What is needed
For this exercise, copy exactly the lines below from the one with "हाईटेंशन तार के" through the one with "기간은 2년이며, 2년단위" and leave out the pictures.

------------------------------------

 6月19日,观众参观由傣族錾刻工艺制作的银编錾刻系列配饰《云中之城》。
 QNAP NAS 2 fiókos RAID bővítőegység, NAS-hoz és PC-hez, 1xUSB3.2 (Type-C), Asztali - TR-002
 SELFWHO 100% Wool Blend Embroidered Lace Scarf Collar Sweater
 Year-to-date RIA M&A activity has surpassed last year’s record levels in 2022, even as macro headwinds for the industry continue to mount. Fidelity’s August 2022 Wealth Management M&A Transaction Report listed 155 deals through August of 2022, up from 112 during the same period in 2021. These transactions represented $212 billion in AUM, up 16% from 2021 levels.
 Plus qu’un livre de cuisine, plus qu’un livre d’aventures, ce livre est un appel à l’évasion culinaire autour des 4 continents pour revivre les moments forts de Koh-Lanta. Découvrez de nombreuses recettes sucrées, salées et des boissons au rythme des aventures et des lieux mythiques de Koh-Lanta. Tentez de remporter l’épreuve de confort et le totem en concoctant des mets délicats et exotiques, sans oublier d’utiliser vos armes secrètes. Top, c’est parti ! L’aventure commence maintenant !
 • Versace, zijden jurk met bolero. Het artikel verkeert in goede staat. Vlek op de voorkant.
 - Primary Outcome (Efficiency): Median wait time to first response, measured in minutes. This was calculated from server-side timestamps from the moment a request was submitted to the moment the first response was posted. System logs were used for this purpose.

------------------------------------

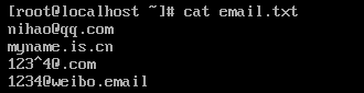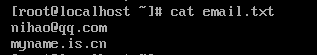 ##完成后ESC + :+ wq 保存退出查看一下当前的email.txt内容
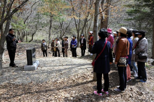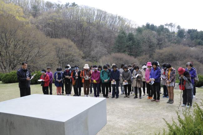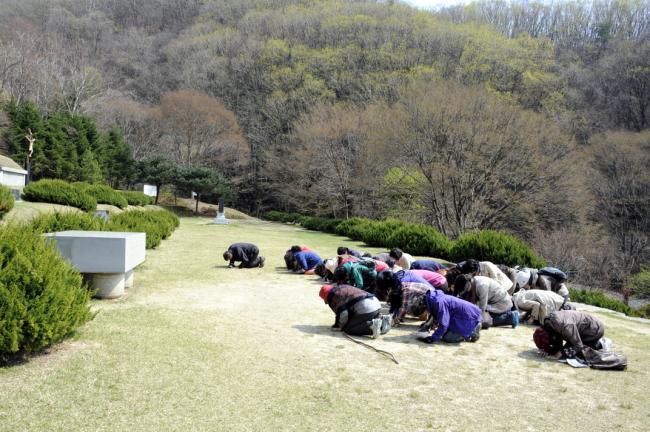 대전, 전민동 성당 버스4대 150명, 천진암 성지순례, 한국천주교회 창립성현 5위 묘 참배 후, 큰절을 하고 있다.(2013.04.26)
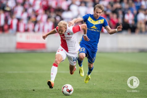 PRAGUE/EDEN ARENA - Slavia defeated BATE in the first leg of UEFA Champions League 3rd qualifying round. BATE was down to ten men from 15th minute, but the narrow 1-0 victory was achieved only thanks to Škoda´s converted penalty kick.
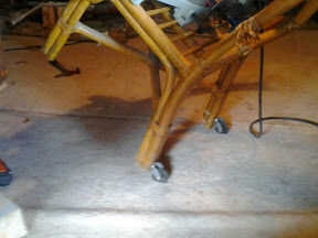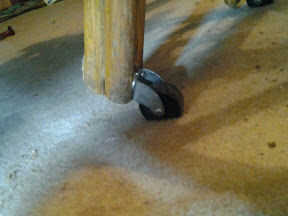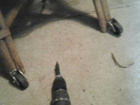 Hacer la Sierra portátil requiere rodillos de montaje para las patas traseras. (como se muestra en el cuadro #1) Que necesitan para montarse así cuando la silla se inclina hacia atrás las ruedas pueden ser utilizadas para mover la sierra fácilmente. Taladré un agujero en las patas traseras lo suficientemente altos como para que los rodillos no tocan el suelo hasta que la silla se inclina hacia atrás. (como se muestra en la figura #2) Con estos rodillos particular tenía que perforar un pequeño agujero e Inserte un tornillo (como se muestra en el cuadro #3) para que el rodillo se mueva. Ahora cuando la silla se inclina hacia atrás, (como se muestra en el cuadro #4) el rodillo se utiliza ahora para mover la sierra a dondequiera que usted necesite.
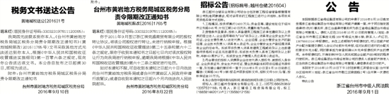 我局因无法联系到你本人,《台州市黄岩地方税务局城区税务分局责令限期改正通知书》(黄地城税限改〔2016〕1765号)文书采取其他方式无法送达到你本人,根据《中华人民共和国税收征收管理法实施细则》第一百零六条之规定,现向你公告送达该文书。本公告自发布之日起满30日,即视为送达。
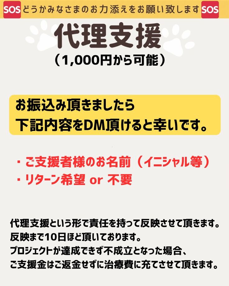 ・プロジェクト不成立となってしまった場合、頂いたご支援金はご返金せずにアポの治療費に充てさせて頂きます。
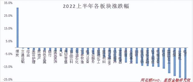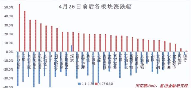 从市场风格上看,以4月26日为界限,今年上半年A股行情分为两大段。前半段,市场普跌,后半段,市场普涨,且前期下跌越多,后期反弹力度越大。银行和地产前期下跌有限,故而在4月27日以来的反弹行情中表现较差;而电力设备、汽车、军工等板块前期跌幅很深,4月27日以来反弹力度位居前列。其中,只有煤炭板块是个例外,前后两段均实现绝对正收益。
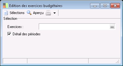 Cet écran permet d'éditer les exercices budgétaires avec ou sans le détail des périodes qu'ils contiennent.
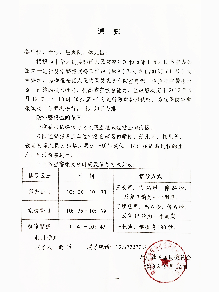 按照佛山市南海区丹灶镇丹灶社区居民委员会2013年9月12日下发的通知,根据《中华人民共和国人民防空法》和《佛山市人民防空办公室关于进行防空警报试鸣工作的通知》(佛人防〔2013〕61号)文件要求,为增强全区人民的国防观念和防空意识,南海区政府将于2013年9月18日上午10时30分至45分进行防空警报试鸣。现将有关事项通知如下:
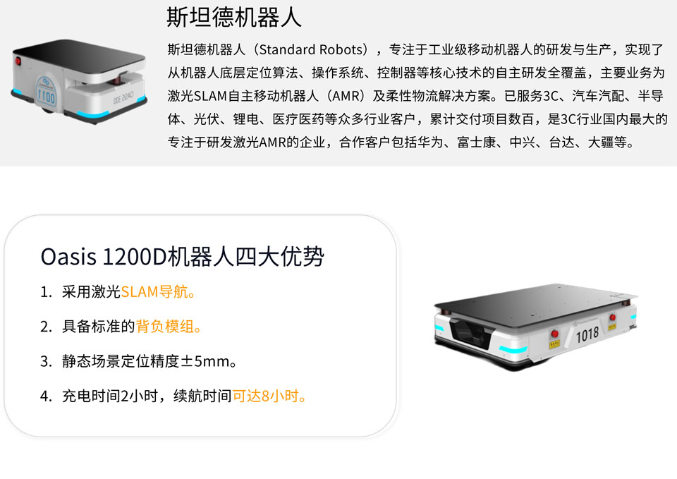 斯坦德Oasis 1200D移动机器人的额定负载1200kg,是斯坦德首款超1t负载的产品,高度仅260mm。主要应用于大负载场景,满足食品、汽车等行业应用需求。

------------------------------------

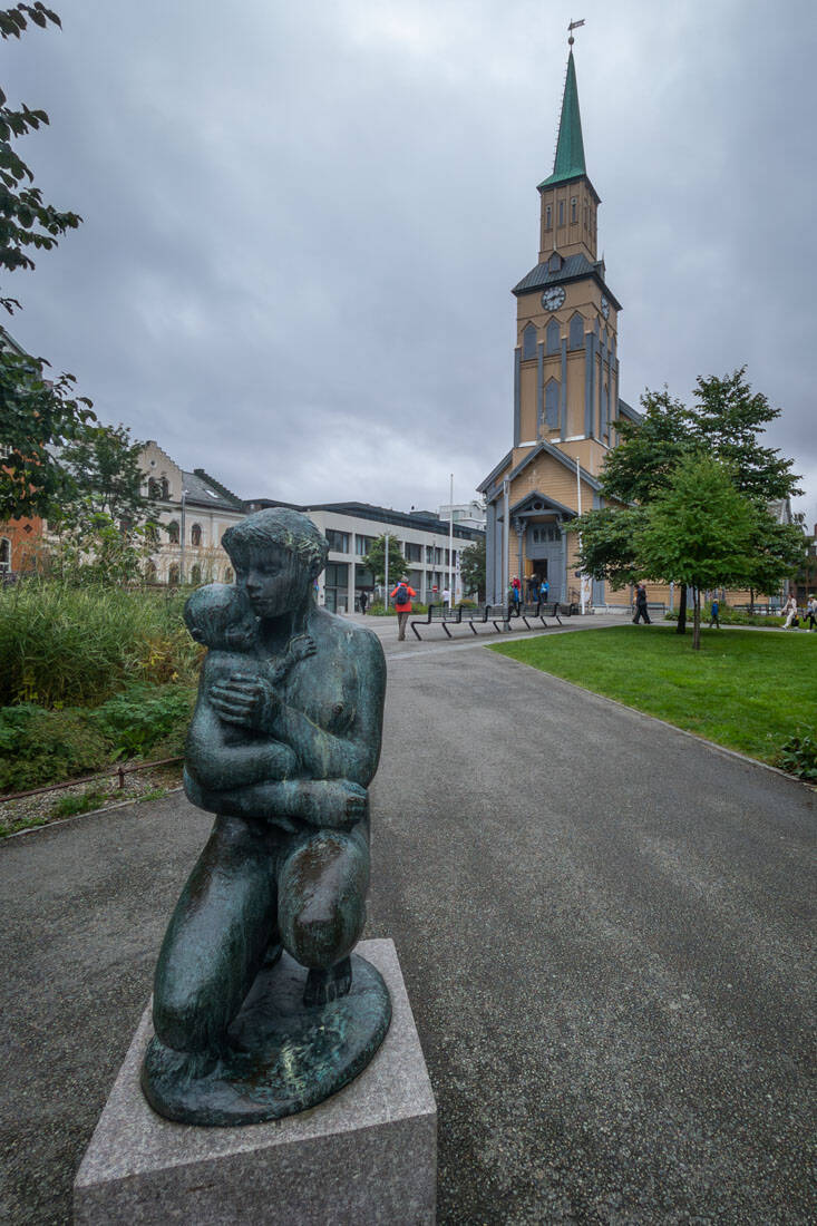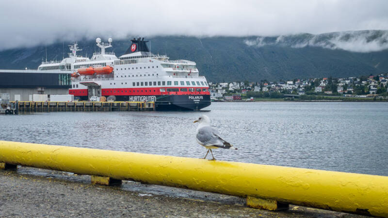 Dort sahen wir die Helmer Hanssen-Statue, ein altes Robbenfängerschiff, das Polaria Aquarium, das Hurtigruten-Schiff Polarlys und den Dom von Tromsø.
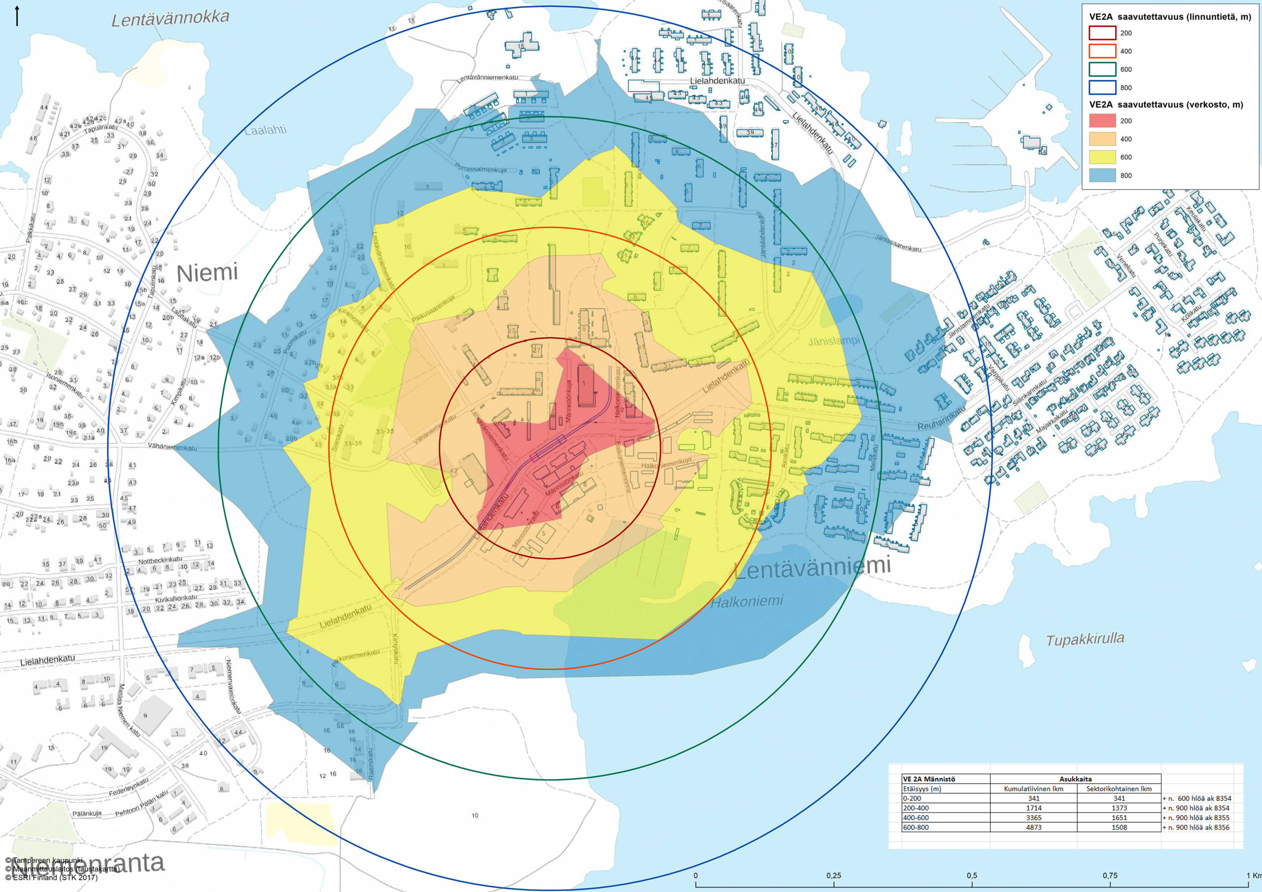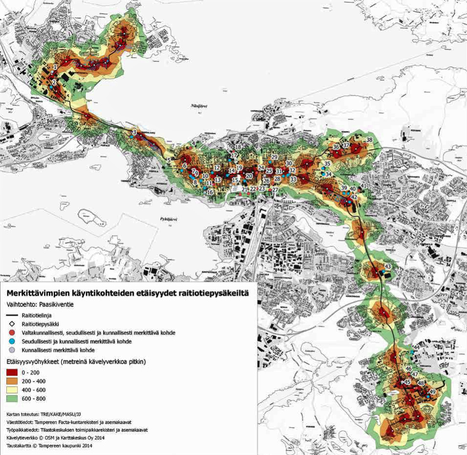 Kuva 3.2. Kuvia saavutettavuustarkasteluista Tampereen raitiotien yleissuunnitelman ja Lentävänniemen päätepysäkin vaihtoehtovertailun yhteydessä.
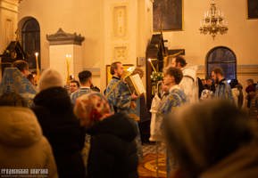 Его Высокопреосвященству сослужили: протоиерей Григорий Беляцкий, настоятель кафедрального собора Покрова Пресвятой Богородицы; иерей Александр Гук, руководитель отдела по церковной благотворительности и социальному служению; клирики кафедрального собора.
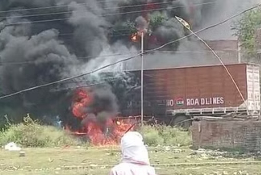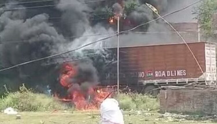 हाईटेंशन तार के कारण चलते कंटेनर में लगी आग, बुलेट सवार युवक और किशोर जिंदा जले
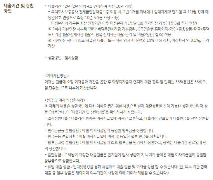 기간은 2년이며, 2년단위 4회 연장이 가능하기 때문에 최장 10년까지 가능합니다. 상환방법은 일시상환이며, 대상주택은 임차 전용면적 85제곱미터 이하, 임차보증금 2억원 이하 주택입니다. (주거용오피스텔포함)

------------------------------------

Response box
 हाईटेंशन तार के कारण चलते कंटेनर में लगी आग, बुलेट सवार युवक और किशोर जिंदा जले
 기간은 2년이며, 2년단위 4회 연장이 가능하기 때문에 최장 10년까지 가능합니다. 상환방법은 일시상환이며, 대상주택은 임차 전용면적 85제곱미터 이하, 임차보증금 2억원 이하 주택입니다. (주거용오피스텔포함)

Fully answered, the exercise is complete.